Happy Discount Halloween Products Day! I hope you all forgot about this holiday so that I can score even better deals this weekend. 

Thanks so much for all the feedback last week. Many of you commented on my use of Kit Kats as utensils but the results were split. Half of you find me incredibly inventive and the other half of you find me to be a disgusting amalgamation of lard masquerading as a human girl. Can’t win ‘em all. 

 While we're all recovering from yesterday's festivities (as a working adult with no children, my festivities included writing this blog and watching American Horror Story), allow me to regale you with my Halloweekend activities.

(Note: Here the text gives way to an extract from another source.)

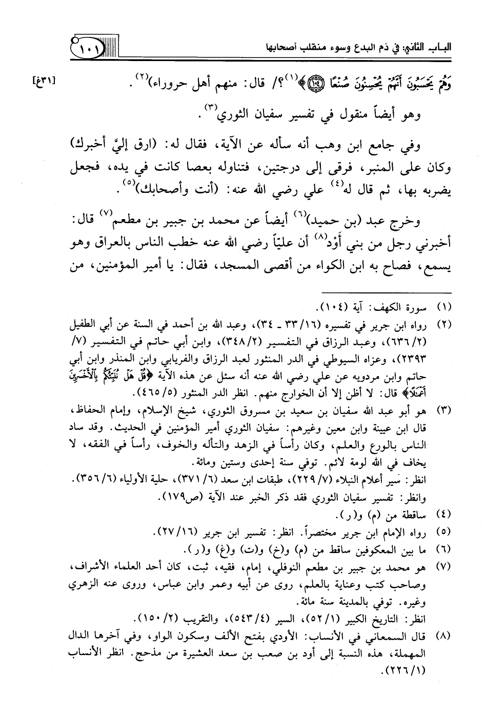 (¬2) رواه ابن جرير في تفسيره (16/ 33 ـ 34)، وعبد الله بن أحمد في السنة عن أبي الطفيل (2/ 636)، وعبد الرزاق في التفسير (2/ 348)، وابن أبي حاتم في التفسير (7/ 2393)، وعزاه السيوطي في الدر المنثور لعبد الرزاق والفريابي وابن المنذر وابن أبي حاتم وابن مردويه عن علي رضي الله عنه أنه سئل عن هَذِهِ الْآيَةِ {قُلْ هَلْ نُنَبِّئُكُمْ بِالأَخْسَرَينِ أَعْمَالاً *} قال: لا أظن إلا أن الخوارج منهم. انظر الدر المنثور (5/ 465).

This year I chose to save the drama for your llama and dressed as Yzma. I had a lot of fun making my costume and only a little carpal tunnel. Thank goodness for my sewing machine and hot glue gun. Without them I would be forced to buy a costume and in doing so would save hours of my life and honestly, probably money too knowing the way I shop at Michaels.
  

Please observe my intense Yzma lashes and earrings. I used a filter in one of these selfies.

But I won't tell you which one.

Emily and I spent all last week trying to get our new apartment ready. We decorated. We cooked. We made it nice. I used my chalkboard that was originally created to keep score during the Rio Olympics as a festive welcome sign. I presented the mini pumpkins that my roommates and I marbled with the help of rejected nail polish shades. And of course I had a fall candle burning. Not the black flame candle, don't worry.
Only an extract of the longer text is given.